- Original language: English
- Written by: Laura Wade (play) Jane Austen (unfinished novel)

Premiere
- Date: 3 November 2018
- Place: Minerva Theatre, Chichester

= The Watsons (play) =

2018 play by Laura Wade based on the unfinished novel by Jane Austen

The Watsons is a play by Laura Wade adapted from the unfinished novel of the same name by Jane Austen.

== Production ==
The play made its premiere at the Minerva Theatre in Chichester from 3 November to 1 December 2018. Following the production's success, it transferred to the Menier Chocolate Factory in London, running from 20 September to 16 November, 2019, with favourable reviews.
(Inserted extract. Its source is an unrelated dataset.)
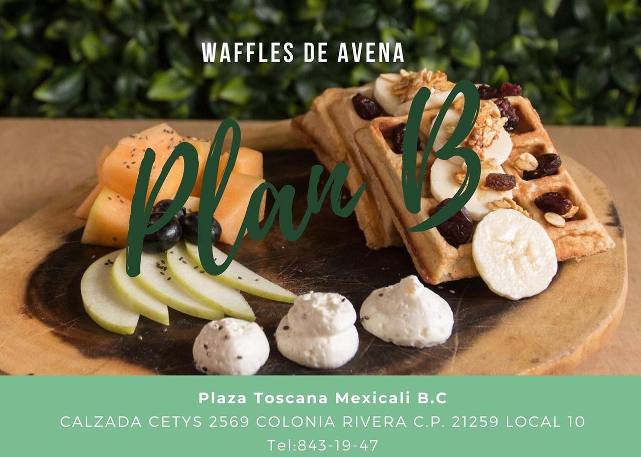 Waffles con proteína, espinaca, aguacate. Acompañados de fruta de temporada.
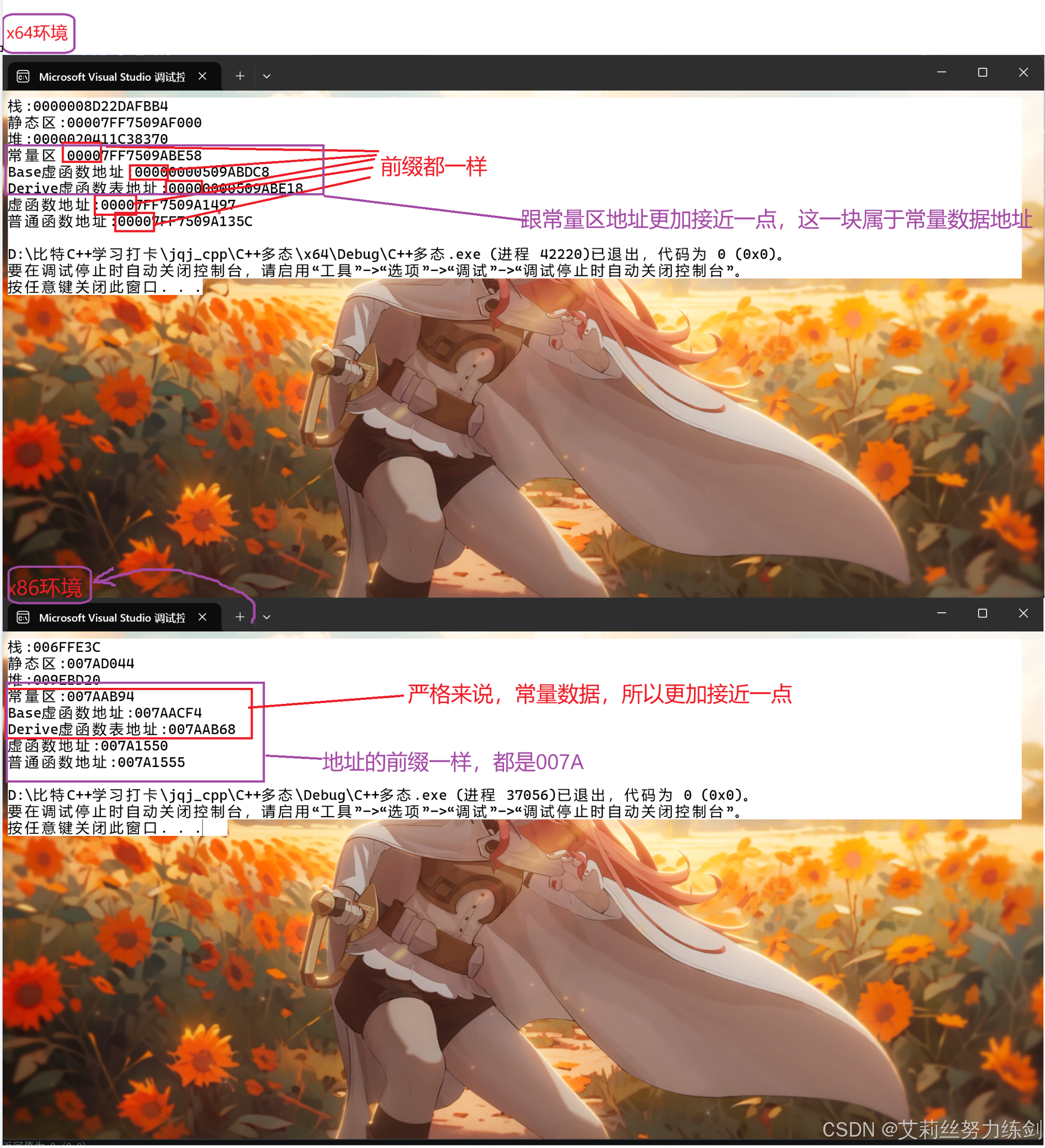 在本文的最后,艾莉丝会对比x64环境和x86环境的几个地址。

In the course of the play, at the point where Jane Austen’s original story breaks off, the dramatist comes onstage (played by an actor in the part of a maid) and enters into a protracted debate with the rebellious characters about how it should continue. The Guardians reviewer commented that "one of the play's many pleasures is its capacity to endlessly take us by surprise. We go in expecting a literary exercise and come out having seen a philosophical comedy". Kathryn Hughes noted in The Times Literary Supplement how the play acknowledges Luigi Pirandello's Six Characters in Search of an Author as its precursor and how the modern audience is challenged to question its own escapism in indulging in yet another Regency drama.

The script has since been published by Oberon Books. It was announced in addition that the play was due to transfer to the Harold Pinter Theatre in London's West End in May 2020. However, performances had to be cancelled due to the COVID-19 pandemic.